LOUIS COUPERIN: Pieces de Clavecin – Richard Egarr – HM (4)

by | Sep 13, 2011 | Classical CD Reviews

LOUIS COUPERIN: Pieces de Clavecin (The Complete Harpsichord Works) – Richard Egarr, harpsichord – Harmonia mundi HMU 907511.14 (4 CDs), 5 hrs. 14 min. total *****:
Richard Egarr has released 20 recordings for Harmonia mundi, including his acclaimed performances of the Bach Brandenburg Concertos, as well as Book 1 and Book 2 of The Well-Tempered Klavier. This time he brings us a much less-well-known collection of earlier music for keyboard—and not just a sampling but the composer’s entire harpsichord works.
Louis Couperin was the first historically important member of the large Couperin family, who unfortunately never had any of his music published during his short lifetime (he died in 1661 at age 35). He was important in the development of both the French Baroque organ and harpsichord schools.  He developed a special notation in his invention of the unmeasured prelude for harpsichord. They were written with whole notes only, arranged in groups and connected by graceful curves.

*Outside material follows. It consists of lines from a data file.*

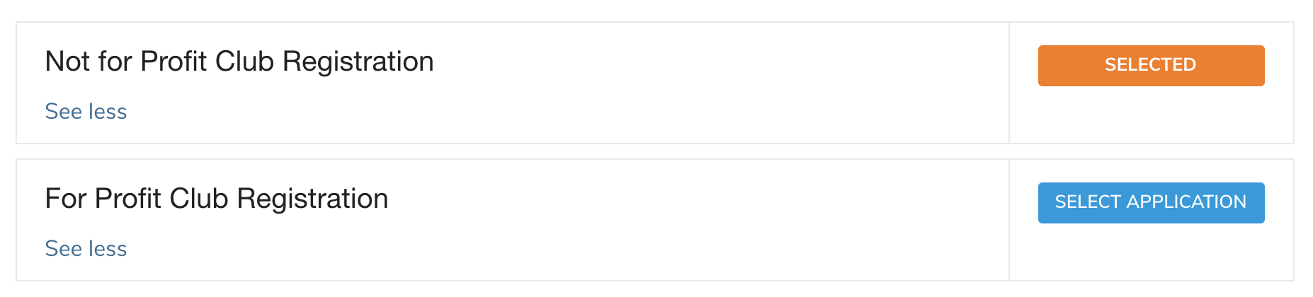The first step is to select if you are completing this application for an Not For Profit or a Profit Club.
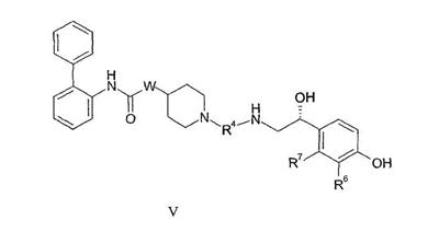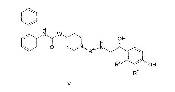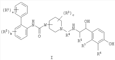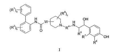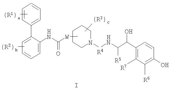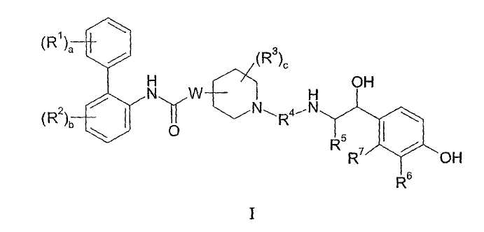Изобретение относится к новым соединениям формулы I: где: а представляет собой 0 или целое число от 1 до 3; каждый R1 независимо выбран из галогена; b представляет собой 0 или целое число от 1 до 3; каждый R2 независимо выбран из галогена; W присоединен в положении 3 или 4 относительно атома азота в пиперидиновом кольце и представляет собой О; с представляет собой 0 или целое число от 1 до 4; каждый R3 независимо выбран из (1-4С)алкила; или две группы R3 соединены вместе с образованием (1-3С)алкилена или оксиран-2,3-диила; R4 представляет собой двухвалентную группу формулы: -(R4a)d-(A1)e-(R4b)f-Q-(R4c)g-(A2)h-(R4d)i-, где d, e, f, g, h и i, каждый, независимо выбран из 0 и 1; R4a, R4b, R4c и R4d, каждый независимо выбран из (1-10С)алкилена, где каждая алкиленовая группа является незамещенной или замещена 1-5 заместителями, независимо выбранными из (1-4С)алкила, фтора и гидрокси; А1 и А2, каждый, независимо выбран из (3-7С)циклоалкилена, (6-10С)арилена, -О-(6-10С)арилена, (6-10С)арилен-О-, (2-9С)гетероарилена и (3-6С)гетероциклена, где каждый циклоалкилен является незамещенным или замещен 1-4 заместителями, независимо выбранными из (1-4С)алкила, и каждая ариленовая, гетероариленовая или гетероцикленовая группа является незамещенной или замещена 1-4 заместителями, независимо выбранными из галогена, (1-4С)алкила, (1-4С)алкокси, -S(O)2-(1-4С)алкила, гидрокси, нитро и трифторметокси; Q выбран из связи, -О-, -S(O)2-, -N(Qa)C(O)-, -C(O)N(Qb)-, -N(QC)S(O)2-, -S(O)2N(Qd)-, -N(Qe)C(O)N(Qf)- и -N(Qk); Qa, Qb, Qc, Qd, Qe, Qf и Qk, каждый, независимо выбран из водорода, (1-6С)алкила и А3, где алкильная группа является незамещенной или замещена 1-3 заместителями, независимо выбранными из фтора, гидрокси и (1-4С)алкокси; или вместе с атомом азота и группой R4b или R4c, к которым они присоединены, образуют 4-6-членную азациклоалкиленовую группу; А3 независимо выбран из (3-6С)циклоалкила, (6-10С)арила, (2-9С)гетероарила и (3-6С)гетероциклила, где каждый циклоалкил является незамещенным или замещен 1-4 заместителями, независимо выбранными из (1-4С)алкила, и каждая арильная, гетероарильная или гетероциклильная группа является незамещенной или замещена 1-4 заместителями, независимо выбранными из галогена, (1-4С)алкила и (1-4С)алкокси; при условии, что число смежных атомов в самой короткой цепи между двумя атомами азота, к которым присоединен R4, находится в интервале от 4 до 16; R5 представляет собой водород или (1-4С)алкил; R6 представляет собой -NR6aCR6b(O), и R7 представляет собой водород; или R6 и R7 вместе образуют -NR7aC(O)-CR7b=CR7c-; каждый из R6a и R6b независимо представляет собой водород или (1-4С)алкил; и каждый из R7a, R7b и R7c независимо представляет собой водород или (1-4С)алкил; или к его фармацевтически приемлемым солям, сольватам или стереоизомерам. Изобретение также относится к соединениям формулы I, к 1-[2-(2-хлор-4-{[(R)-2-гидрокси-2-(8-гидрокси-2-оксо-1,2-дигидрохинолин-5-ил)этиламино]метил}-5-метоксифенилкарбамоил)этил]пиперидин-4-иловому эфиру бифенил-2-илкарбаминовой кислоты или к его фармацевтически приемлемой соли или сольвату, к фармацевтической композиции, и к способу лечения легочного заболевания, способу обеспечения у пациента расширения просвета бронхов, способу лечения хронической обструктивной болезни легких или астмы, к способу получения соединения формулы I, к лекарственному средству, и к применению соединений по любому из пп.1, 13, 14, 24, 25, 26, 27 или 28. Технический результат – получение новых биологически активных соединений, обладающи
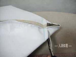 ▼16.两块里布都缝上拉链,用码装拉链的话,缝好后可以把拉链拆开,两片里布分开,后面的步骤就比较好缝:

About two-thirds of his harpsichord pieces follow dance movements such as courantes, sarabandes and gigues. He studied with the primary harpsichord composer of the time, Chambonnieres, but Couperin’s pieces are more complex. Froberger was also an influence on this works.
Some of these works were published in 1936, but others were discovered only recently. The four CDs contain 21 suites—with many in C Major, G Minor and A Minor. The final exhaustively ornamented suite is in B-flat Major. However, the organization into suites was done by Egarr, since the arrangement of the various pieces is left up to the performer. Louis Couperin’s favored devices are imitation, polyphony, striking harmonies and rhythms, and resonant suspension. Appreciation of this music requires very close listening to get thru the thicket of ornamental grace notes to the basic melodic and harmonic structures. The first disc of suites seems a bit simplistic, but things pick up as the series goes on, and the fourth CD is most impressive. Before and after the last two suites two stand-alone pieces of great beauty are heard: The 7 1/2-minute Pavanne in F-sharp minor and the closing Les Carillons de Paris.
The sonics, as with all of Egarr’s recordings, are exemplary. He used two types of harpsichords: a copy of a Parisian instrument from the early part of the 17th century and a copy of a Flemish instrument by Ruckers. Both use real quills to pluck the strings.  Most harpsichords (including my own) have been converted to a plastic called Delrin, which requires much less repair and adjustment, but Egarr finds quill more sensitive, flexible and musical. And he claims quill doesn’t require much more hassle to maintain (Hah!). At the time of its writing, such repertory could be played at a wide range of pitches—all much lower than today’s standard a’ = 440.  Egarr used a’ = 398.